Наконец, когда стрелка топливомера показала, что керосина в баках осталось всего на три минуты, Джелли сдался окончательно. «Я сделал все, что мог», — сказал он себе, словно оправдываясь. «Была бы пушка — я бы пострелял по ним, а что толку с ракет? Они на такой дистанции бесполезны…».

И покачал крыльями, давая понять вьетнамцам, что он готов следовать за ними. В душе теплилась надежда, что до их аэродрома он не дотянет, и тогда можно будет с чистой совестью покинуть самолет. А там будь что будет.

— Мэт, у нас керосина на несколько минут. Будь готов катапультироваться, как только встанут двигатели, — предупредил он оператора.

— А можно, я прямо сейчас? — по голосу Мэтью Пит понял, что тот вот-вот сорвется и натворит делов.
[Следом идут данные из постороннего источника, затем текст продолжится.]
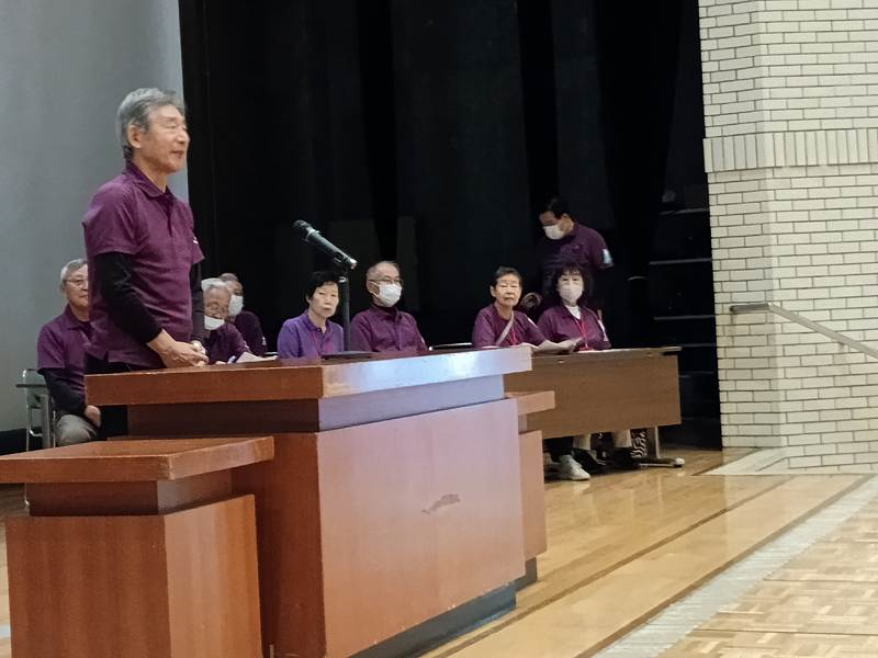 「シルバーリハビリ体操実技」は栄町、清水、みみずくなど教室、サロンの皆さんとイメージキャラクターこじゅまるが出演。リーダーは井上秀子指導士。首回し、肩の上下運動、指組み肘寄せ、両手を上に伸ばす肩の運動、肘膝タッチなど会場に合わせた組み立ての体操です。リーダーと出演の15人の息の合った動き、緩急自在の体操指導で客席から笑いと拍手が起きる楽しい20分間でした。

— Валяй… — вздохнул летчик. — До встречи в Чикаго!

— Бывай!

За спиной Джелли глухо хлопнули пиропатроны; самолет слегка тряхнуло, когда кресло с оператором вылетело из кабины. Пилот одного из летевших рядом МиГов проводил его взглядом и, подлетев почти вплотную к Джелли, выразительно чиркнул ребром ладони по горлу, указав назад. Пит торопливо кивнул — мол, не буду, понял…

Два МиГа пристроились справа и слева от «Фантома», один впереди, а последний — сзади и выше. В таком виде американца и погнали на северо-северо-восток. Когда керосина в баках оставалось секунд на тридцать, МиГ впереди вдруг покачал крыльями, выпустил шасси и стал разворачиваться влево со снижением. Пит поспешно выполнил его маневр — и только тогда увидел впереди взлетно-посадочную полосу.

«А если сейчас перелететь ее и разбить самолет об деревья?» — мелькнула у него шальная мысль. Но лейтенант тут же отмел ее, понимая, что тогда церемониться с ним никто не будет. Вот если посадит самолет целым — тогда ладно. А за разбитый могут и при попытке к бегству застрелить…

Он приземлился и покатил по полосе. Двигатели захлебнулись как раз на ее середине, но лейтенанта это уже не волновало. Остановившись, лейтенант остался сидеть в кабине, не открывая фонаря. На душе у него было удивительно пусто и отвратно.

К самолету подъехал темно-зеленый джип, набитый автоматчиками в черных комбинезонах. Пит про себя отметил, что лица у них совсем не азиатские — скорее, европейские. Что ж, слухи об участии русских в войне ходили давно…

Парни работали быстро и четко: вытащили из джипа раздвижную лестницу, приставили ее к борту, потом один из них поднялся по ней и знаком приказал открыть фонарь. Двое других стояли рядом с автоматами, держа кабину на прицеле.

— Open the cockpit! (Открой кабину!) — парень, стоявший на лестнице, рявкнул так громко, что Джелли услышал его даже сквозь толстенное стекло фонаря. Сразу вслед за тем один из автоматчиков дал очередь в воздух.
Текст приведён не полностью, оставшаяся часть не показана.